» TO DO
Print only the lines from the top of the data through the line with "T-shirt técnica para", both included, skipping every picture.

________________________

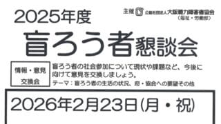 情報共有NEW2/23(月・祝) 盲ろう者懇談会(大聴協) 大聴協事務局からの情報です。 福祉•労働部の懇談会のお知らせです。詳細は下記のチラシをご確認ください。 20260223盲ろう者懇談会ダウンロード 2026.01.27情報共有
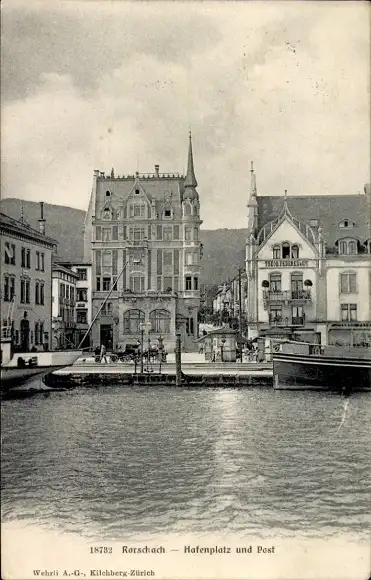 Ak Rorschach Kt. St. Gallen Schweiz, Hafenplatz, Post
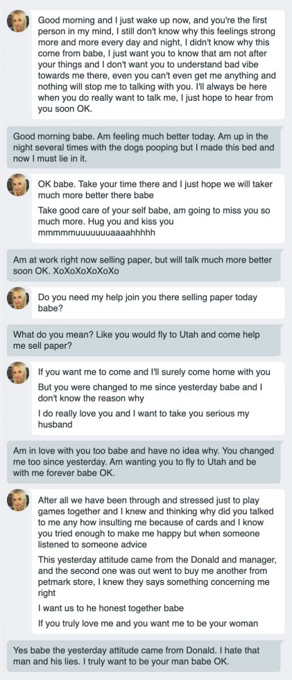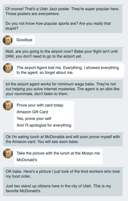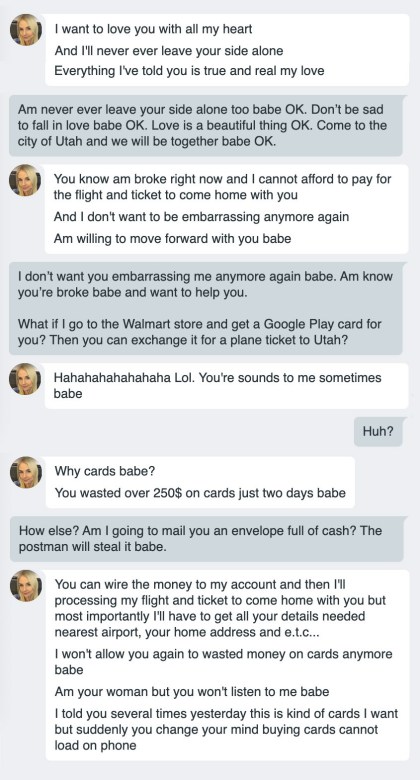 I’d failed several times at sending Kayla gift cards but she truly believed she was sitting on a goldmine with me and decided to go ALL IN on the scam. No more 50$ gift cards — she was playing in the big leagues now, hoping I’d wire her hundreds of dollars so she could fly to the city of Utah to live with me…
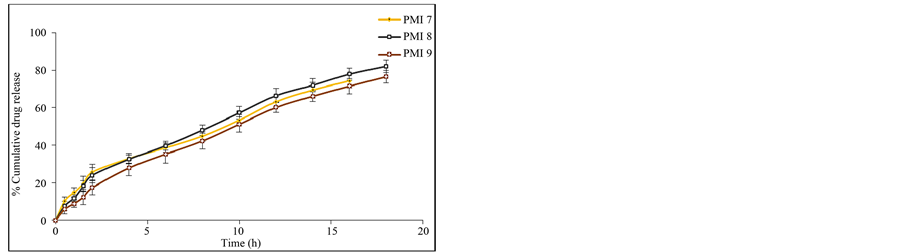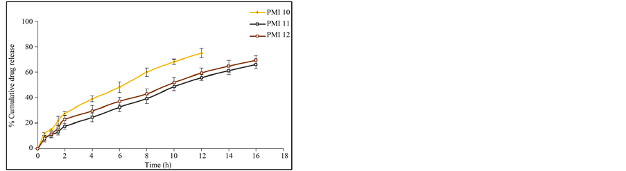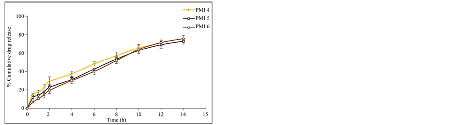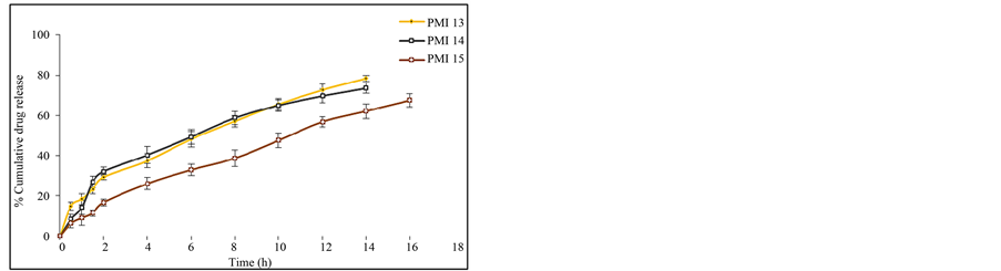 attributed to the greater binding of the drug with polymer. This is due to large amount of drug got bounded in the polymer matrix, as a result the rate of drug release from the microspheres was decreased. The in vitro release of pioglitazone hydrochloride was influenced by altering the drug to polymer ratio and the mechanism of drug release was by diffusion controlled. The percentage drug release of each of the formulation was found to be PMI 1 (60.23%), PMI 2 (57.26%), PMI 3 (51.26%), PMI 4 (70.69%), PMI 5 (72.83%), PMI 6 (75.49%), PMI 7 (74.38%), PMI 8 (82.12%), PMI 9 (76.54%), PMI 10 (74.94%), PMI 11 (66.08%), PMI 12 (69.45%), PMI 13 (78.36%), PMI 14 (73.54%), PMI 15 (67.52%) of drug release at the end of 18 h (Figures 6(a)-(e)). So it is the best formulation releasing the drug at a controlled rate for a period of 18 h increase drug absorption further increasing the bioavailability.
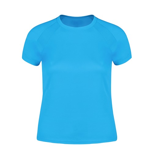 T-shirt técnica para senhora em 100% poliéster transpirável de 135g/m2. Com mangas ranglan, gola redonda e com faixas frontais e laterais em tecido transpirável microperfurado. Disponível nos tamanhos S, M, L, XL.RespirávelComposition : 100% Poliéster 135 g/ m2.
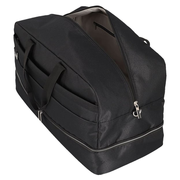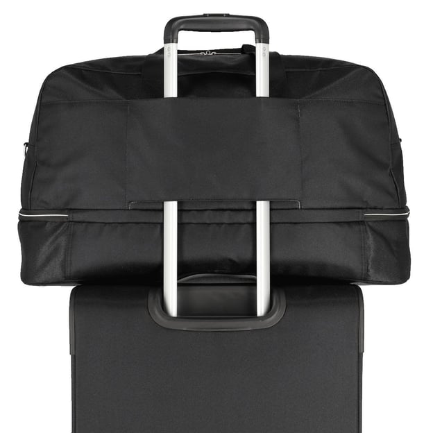 Travelite Miigo Black (чорна, 58 літрів) - стильна дорожня сумка для різних поїздок. Зовнішній матеріал та підкладка виготовлені з переробленого поліестеру (R-PET). Волокна R-PET у цих матеріалах із сертифікованих перероблених пластикових відходів, які потім використовують для створення текстилю. Сумка має окреме відділення для білизни, яке дозволить вам упорядкувати свої речі і відокремити чистий і брудний одяг. На лицьовій стороні є додаткова кишеня на блискавці, куди можна покласти корисні аксесуари. Сумку можна закріпити на ручці валізи. Міцні подовжені ручки дозволяють переносити сумку в руках, а знімний ремінь - на плечах.
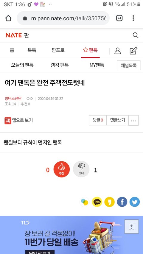 ⚠️조방)밑×3 "여기 팬톡은 완전 주객전도됏네" 여기로
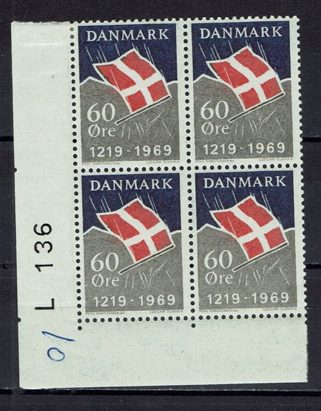 DANMARK. Afa 484. Dannebrog. Marginal 4-blok. Ubr. ( 6964 )
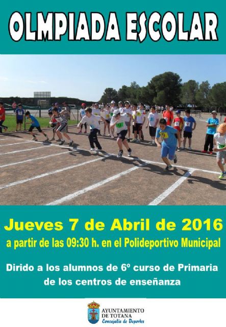 La Concejalía de Deportes tiene previsto organizará mañana, jueves 7 de abril, una Olimpiada Escolar en el Polideportivo Municipal "6 de diciembre" entre las 09:30 y 13:00 horas, en colaboración con los centros de enseñanza de la localidad, donde participarán los alumnos de 6° curso de primaria.
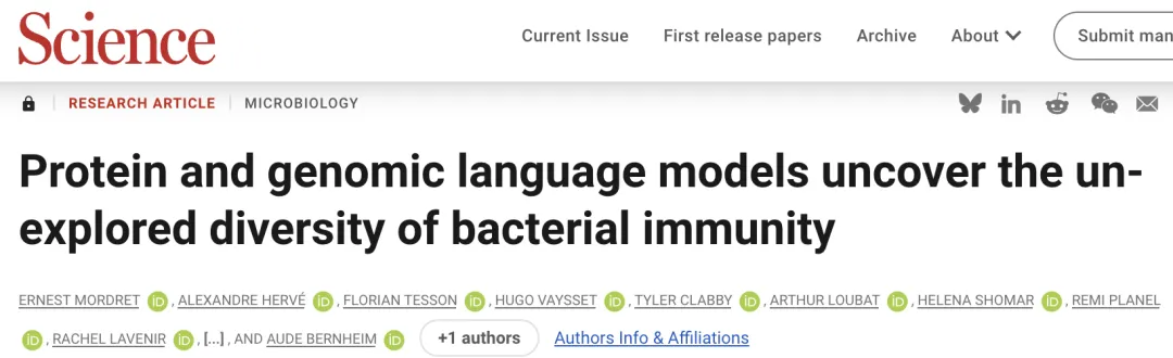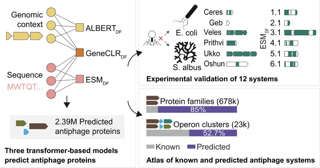 Science | 基于AI语言模型系统发掘超大规模细菌抗噬菌体防御系统细菌编码了高度多样化的抗病毒防御系统,目前已有超过250种系统通过实验验证,涵盖广泛的分子机制。随着计算与实验筛选的持续推进,新的防御系统不断被发现,表明其真实多样性远超当前认知。然而,抗噬菌体防御系统的整体规模与组成仍未被系统解析。 尽管多样性尚不明确,已知防御系统在蛋白序列与基因组结构层面呈现出一定共性特征,例如特定功能结构域,以及在“防御岛”或前噬菌体区域的富集。这提示抗噬菌体系统可通过跨机制的模式进行识别,而不仅依赖传统的序列同源性。 2026年4月2日,法国巴斯德所Aude Bernheim 团队在《Science 》发表研究,构建了三种互补的蛋白质与基因组语言模型,实现对抗噬菌体系统的规模化识别, 系统发掘出海量新型抗噬菌体蛋白,构建了细菌抗噬菌体防御系统图谱数据库 ,显著拓展了对细菌免疫体系的整体认知 。 主要结果 (1)开发三种互补的深度学习模型,突破传统同源性搜索局限,实现泛基因组尺度的抗噬菌体功能预测: a)ALBERTDF:基于局部基因组上下文推断防御功能,不依赖蛋白序列; b)ESMDF:基于蛋白质语言模型,从氨基酸序列中提取特征; c)GeneCLRDF:整合序列与基因组信息,性能最佳,在基准测试中达到99%精确率和92%召回率。 (2)通过在大肠杆菌和白色链霉菌中的实验验证,鉴定出12种此前未知的抗噬菌体防御系统,证实模型预测的可靠性。 (3)新发现系统涵盖多种功能结构域(如脱氧核酸酶、肽酶等),并包含此前未与抗病毒免疫相关的蛋白类型,表明模型能够捕捉超越已知机制的功能特征。 (4)在超过32,000个细菌基因组中进行系统预测,结果显示平均约1.5%的基因参与抗病毒防御,其中超过85%的蛋白家族此前未被注释为免疫相关。 (5)共预测约239万个抗噬菌体蛋白,形成约23,000个操纵子家族,其中绝大多数为全新防御单元。 (6)基于上述结果构建细菌抗病毒免疫图谱(atlas),揭示一个远超既往认知的广阔防御体系,并通过交互式平台公开共享。 研究意义 (1)提出了用于大规模发现抗噬菌体防御系统的深度学习框架,并构建了系统性的细菌抗噬菌体免疫图谱。 (2)该方法显著拓展了对细菌免疫多样性的认识,并为后续的功能研究与机制解析提供了重要基础。 Ernest Mordret et al. ,Protein and genomic language models uncover the unexplored diversity of bacterial immunity.Science392,eadv8275(2026). DOI:10.1126/science.adv8275
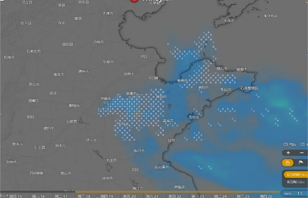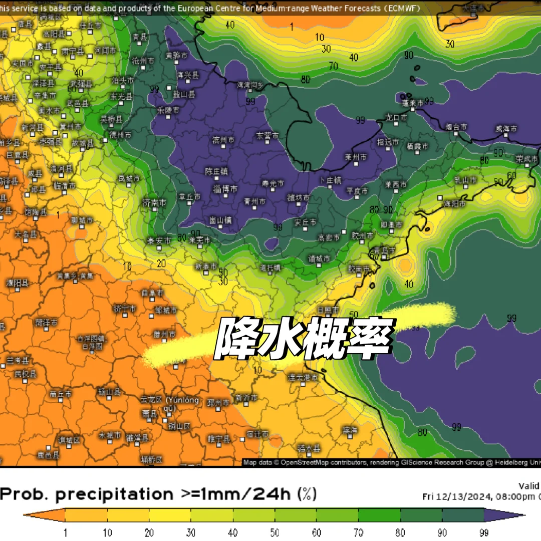 从第三张概率图上看,鲁西北偏东地区、鲁中东部和半岛大部地区都有降雪概率,滨州、东营、淄博、济南东部、德州东部、潍坊、青岛北部、烟台北部附近降雪概率在90%以上。如果条件超预期的话,临沂、泰安、日照、青岛南部地区也有概率出现降雪。
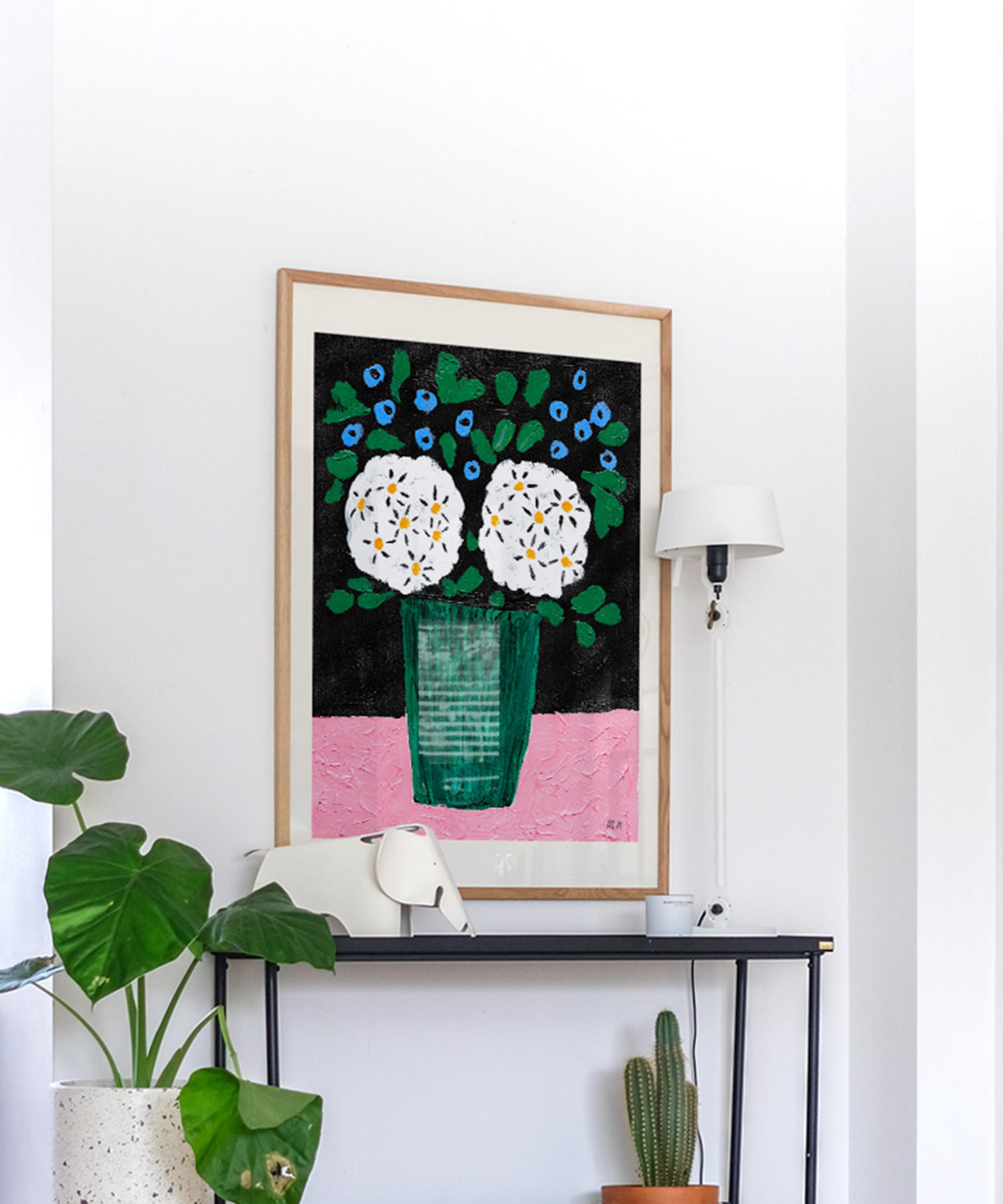 Offering an online emporium of premium posters and art exhibition prints, PSTR Studio seeks to enhance and restore unique vintage works and present unique pieces by brilliant upcoming as well as historically renowned artists. Bouquet in Green Vase features a striking composition produced through the sophisticated giclée printing process on premium matte paper - ensuring exceptional colour accuracy and stunning, vibrant details. Madelen Möllard employs various techniques, including acrylics, cut-outs, and digital art to create her vibrant work, often featuring dreamy and bold shapes and floral motifs. Hang it in an office, hallway or incorporate it into a gallery wall to bring delicate magic to your living space.
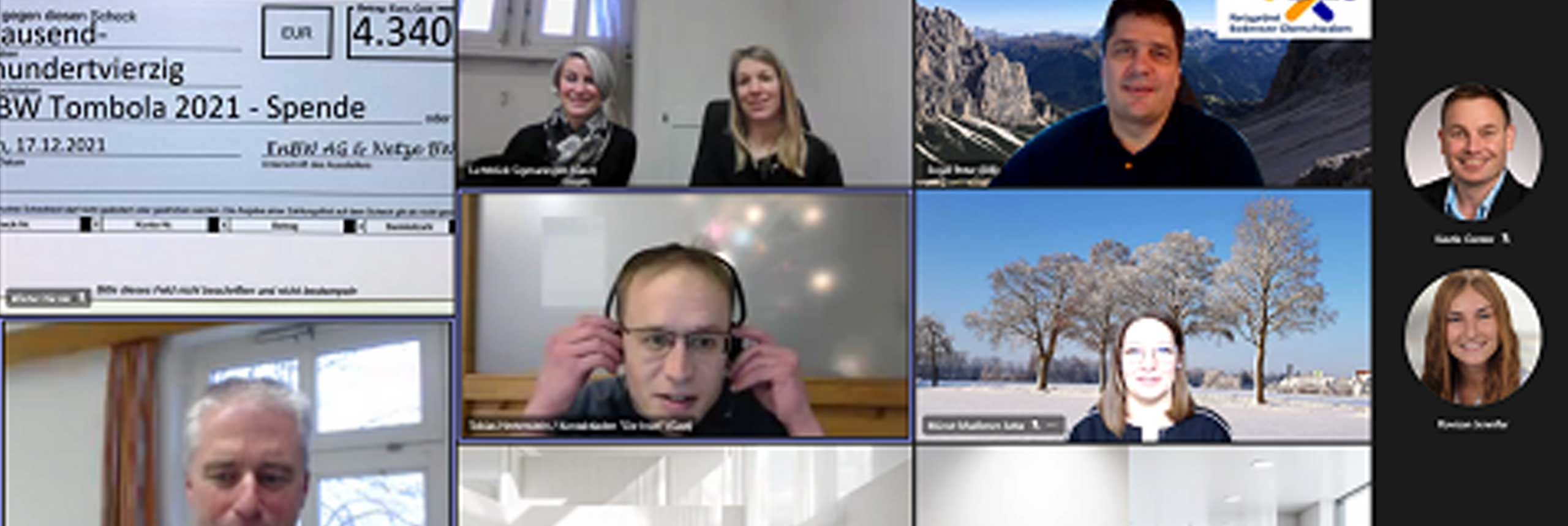 Aufgrund der aktuellen Corona-Lage fanden Tombola und Spendenscheckübergabe virtuell statt. Mit dabei waren bei der virtuellen Spendenübergabe (Foto: EnBW Energie Baden-Württemberg AG ), von links, oben: der Spendenscheck, Stephanie Rozek und Stefanie Oswald von Lichtblick, Peter Engel, BR-Vorsitzender der Netze BW. Von links in der Mitte: Tobias Hertenstein vom Kontaktladen „Die Insel“ und Jutta Münst-Madlener. Unten von links: Vorstand Volker Braun vom Einrichtungsverbund DORNAHOF, Bianca Pietretzki und Florian Fuchsloch von der BR-Netze-BW und und Jürgen Schelkle, BR-Vorsitzender EnBW, (kleine Fotos, rechts) Günter Kästle (BR-Netze-BW) und Jennifer Rovisan (BR EnBW).
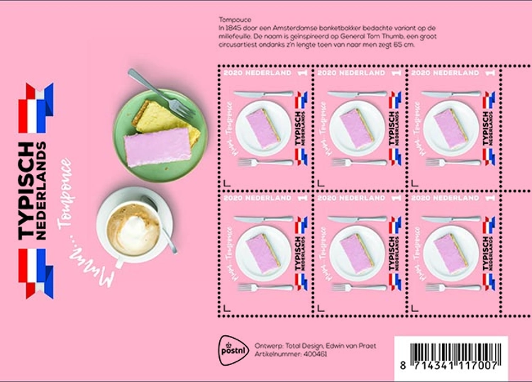 Den Haag, 6 april 2020 – PostNL brengt vandaag nieuwe postzegels uit in de serie Typisch Nederlands. Deze keer staat de tompouce centraal, het bekende roze gebak dat op Koningsdag meestal oranje is. De serie Typisch Nederlands besteedt dit jaar aandacht aan etenswaren en gerechten die kenmerkend voor ons land zijn.
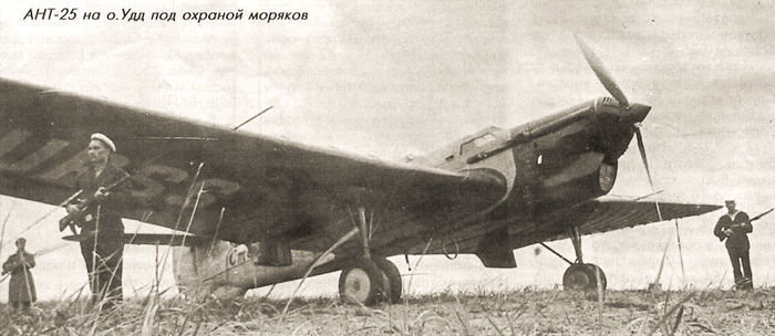 Испытания самолеты успешно прошли в мае 1924 года. С 11 июня того же года АНТ-2 уже перевозил пассажиров. Однако из-за нехватки материалов и трудностей с получением двигателей АНТ-2 так и не достиг стадии серийного производства. Образцы были переданы в Монинский музей авиации. АНТ-25 (другое название самолета РД - "рекорд дальности") разработан в 1932 году в ЦАГИ бригадой Павла Осиповича Сухого под руководством Андрея Николаевича Туполева. 22 июня 1933 года состоялся первый полет. На этом самолёте было совершено несколько рекордных полётов. В сентябре 1934 года экипаж под командованием Михаила Михайловича Громова пролетел по кольцевому маршруту 12411 км за 75 часов. В июле 1936 года на АНТ-25 экипаж Чкалова совершил первый беспосадочный перелёт из Москвы на Дальний Восток. В июне-июле 1937 года экипажи Громова и Чкалова на АНТ-25 и АНТ-25-1 совершили один за другим полёты по маршруту Москва - Северный полюс - Сан-Джосинто (США). На фото ниже вынужденная посадка на о. Удд (ныне о. Чкалова) АНТ- 25 во время перелёт от Москвы до Петропавловска-Камчатского.

________________________

» ANSWER AREA
 情報共有NEW2/23(月・祝) 盲ろう者懇談会(大聴協) 大聴協事務局からの情報です。 福祉•労働部の懇談会のお知らせです。詳細は下記のチラシをご確認ください。 20260223盲ろう者懇談会ダウンロード 2026.01.27情報共有
 Ak Rorschach Kt. St. Gallen Schweiz, Hafenplatz, Post
 I’d failed several times at sending Kayla gift cards but she truly believed she was sitting on a goldmine with me and decided to go ALL IN on the scam. No more 50$ gift cards — she was playing in the big leagues now, hoping I’d wire her hundreds of dollars so she could fly to the city of Utah to live with me…
 attributed to the greater binding of the drug with polymer. This is due to large amount of drug got bounded in the polymer matrix, as a result the rate of drug release from the microspheres was decreased. The in vitro release of pioglitazone hydrochloride was influenced by altering the drug to polymer ratio and the mechanism of drug release was by diffusion controlled. The percentage drug release of each of the formulation was found to be PMI 1 (60.23%), PMI 2 (57.26%), PMI 3 (51.26%), PMI 4 (70.69%), PMI 5 (72.83%), PMI 6 (75.49%), PMI 7 (74.38%), PMI 8 (82.12%), PMI 9 (76.54%), PMI 10 (74.94%), PMI 11 (66.08%), PMI 12 (69.45%), PMI 13 (78.36%), PMI 14 (73.54%), PMI 15 (67.52%) of drug release at the end of 18 h (Figures 6(a)-(e)). So it is the best formulation releasing the drug at a controlled rate for a period of 18 h increase drug absorption further increasing the bioavailability.
 T-shirt técnica para senhora em 100% poliéster transpirável de 135g/m2. Com mangas ranglan, gola redonda e com faixas frontais e laterais em tecido transpirável microperfurado. Disponível nos tamanhos S, M, L, XL.RespirávelComposition : 100% Poliéster 135 g/ m2.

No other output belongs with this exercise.